The first nonstop flight across the Pacific, in 1931, took 41 hours. Now a group of energy and technology companies is backing an attempt by two solar flight pioneers to cross the ocean even more slowly, taking five days and nights to fly from China to Hawaii in an aircraft powered only by the sun.
The Solar Impulse 2 has an average speed of about 60 miles per hour and a wingspan wider than a Boeing 747. The upper surfaces are clad in solar panels, and batteries provide power at night.
The developers of the aircraft plan to make the first ever solar-powered flight around the world next year. The Pacific crossing is the most demanding stretch of the journey, which will take place in stages, starting next March.
The project’s backers include SunPower, the solar subsidiary of French oil group Total; ABB, the Swiss engineering group; Solvay and Bayer, the chemicals companies, and Masdar, the state-owned renewable energy company of the United Arab Emirates.
Commercial solar-powered flights are highly unlikely in the foreseeable future.
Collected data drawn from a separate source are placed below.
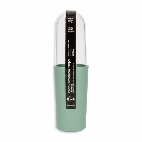 Vaso Porta Cepillos De Dientes De Plástico Con Tapa Color Verde Jade COZA 6,6 x 23,1 Cm
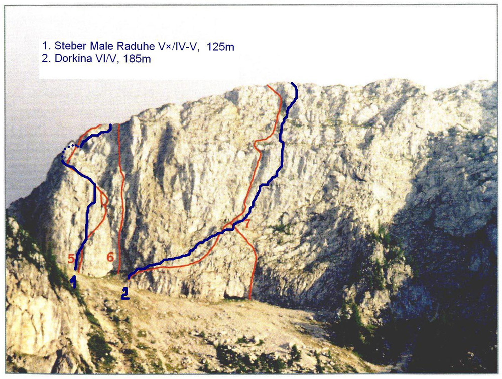 Odločili smo se, da se najprej preizkusimo v nekoliko lažji smeri Steber Male Raduhe (V+). Že po prvih nekaj metrih se je izkazalo, da je ne bomo v tej smeri prav nič poceni odnesli in na dveh mestih, se je bilo potrebno kar pošteno potruditi. Toda bila je lepa smer, konstantno težka, s presenetljivo dobro skalo. Po kratkem okrepčilu, seveda domači pršut s primorske ni manjkal, smo se preizkusili v nekoliko težji smeri – Dorkina smer (VI). Že dostop nam jo je nekoliko zagodel (predvsem Primorcu). Potikali smo se po krušljivih policah, mokrih travah in človek se kar nekoliko odahne, ko se naveže na vrv. Prve težave so se pojavile v prvem resnem raztežaju, ko je sledila prečka ocenjena s šestico, in presenetljivo veliko “lufta” pod nogami. Težavnost ni popustila niti v naslednjem raztežaju, ko sva z doktorjem zadaj pošteno sopihala in bentila nad problemi. Toda imela sva dobrega vodjo, ki naju je izvrstno vodil prek vseh pasti. Na vrhu je sledil še nujen stisk roke, kramljanje pa smo prestavili v kočo ob mrzlem laškem pivu, kot se spodobi.
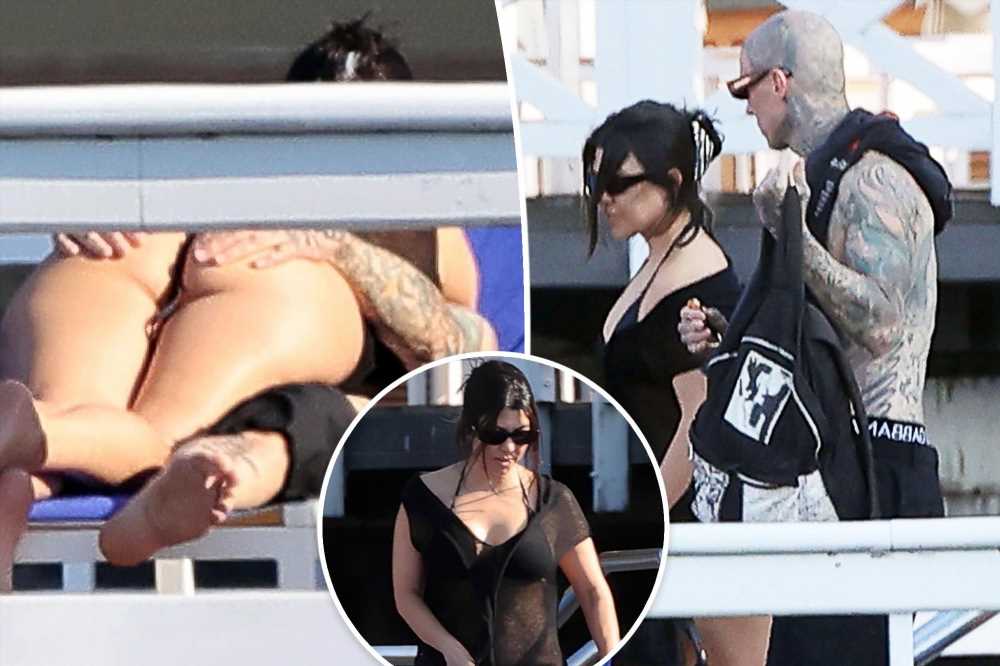 Barker grabbed Kardashian’s butt as she lay on his chest.
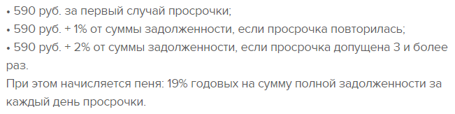 - Штраф за пропуск ежемесячного платежа – 699 руб. Неустойка за неплатежи – 10 %.
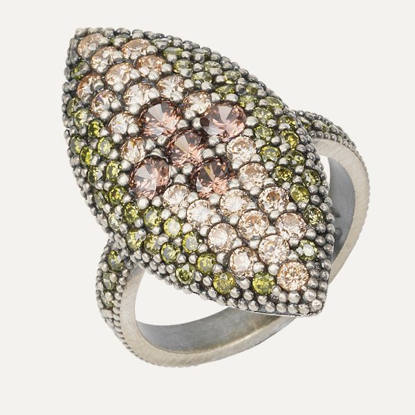 Anillo de plata de ley, cuarzo fumé y circonitas.
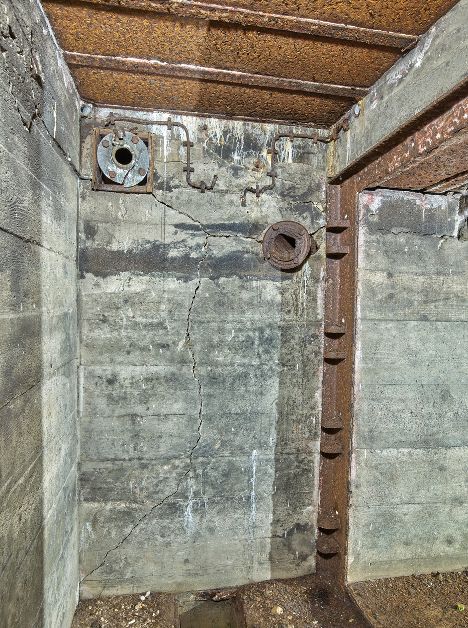 Vue de la petite pièce dédiée au périscope : sur le mur, clapet de surpression en aluminium, bouche de soufflage et câblages (prises disparues). Cette petite pièce dite pièce périscopique était protégée par une porte blindée (disparue)Immatriculation

Indeed, energy forecasters believe that even if renewable sources eventually replace fossil fuels for many purposes, air transport is likely to continue using oil for longer than almost any other sector, because of its superior ratio of energy content to weight.
However, André Borschberg, chief executive of the Solar Impulse project and one of its two pilots, said the aim was “not to bring about a revolution in air transport, but to bring about a revolution in people’s ideas about clean energy.”
Like the moon landings, the project had stimulated innovations that would be used on the ground, he said. “We needed better insulating materials that will go into refrigerators; we needed better batteries that will go into ground transportation. So that was the motivation of the partners.”
“Very often, we hear that climate change can be solved with less comfort, less mobility, less industry, less growth. And no one wants this: we want growth. So we need new clean technologies,” he added.
The appeal of developing a solar-powered aircraft was the degree of the challenge involved, said Bertrand Piccard, Mr Borschberg’s fellow-pilot. “If you can do this on an airplane, you can do it anywhere on the ground,” he said. “It’s the most powerful symbol, because it’s the most difficult to achieve.”
However, he said, electric aircraft using the batteries developed in the Solar Impulse project could be in commercial use, perhaps for tourist flights, within five years.
The solar panels on Solar Impulse’s wings are expected to convert about 22-23 per cent of the solar energy falling on them into electricity – a big improvement on the 16 per cent typically achieved by standard solar systems.
Those panels will generate enough power during the daytime for the plane’s four propellers, driven by highly efficient electric motors, to take it up to about 30,000 feet and to charge the batteries. At night it glides lower while batteries power the propellers.
Mr Borschberg and Mr Piccard flew an earlier version of the aircraft, the Solar Impulse 1, in stages across the US last year. But crossing the Pacific is a much more ambitious undertaking.
The aircraft could in theory fly forever without refuelling, but it will need to stop every few days to relieve the pilot. The five-day stretch across the Pacific would be the longest ever continuous flight by a plane with a single pilot, generating huge physical demands.
The pilots have been learning exercises to keep their bodies functioning while they are confined in the cockpit. They will sleep in 20-minute bursts and have learnt meditation techniques to help maintain their focus.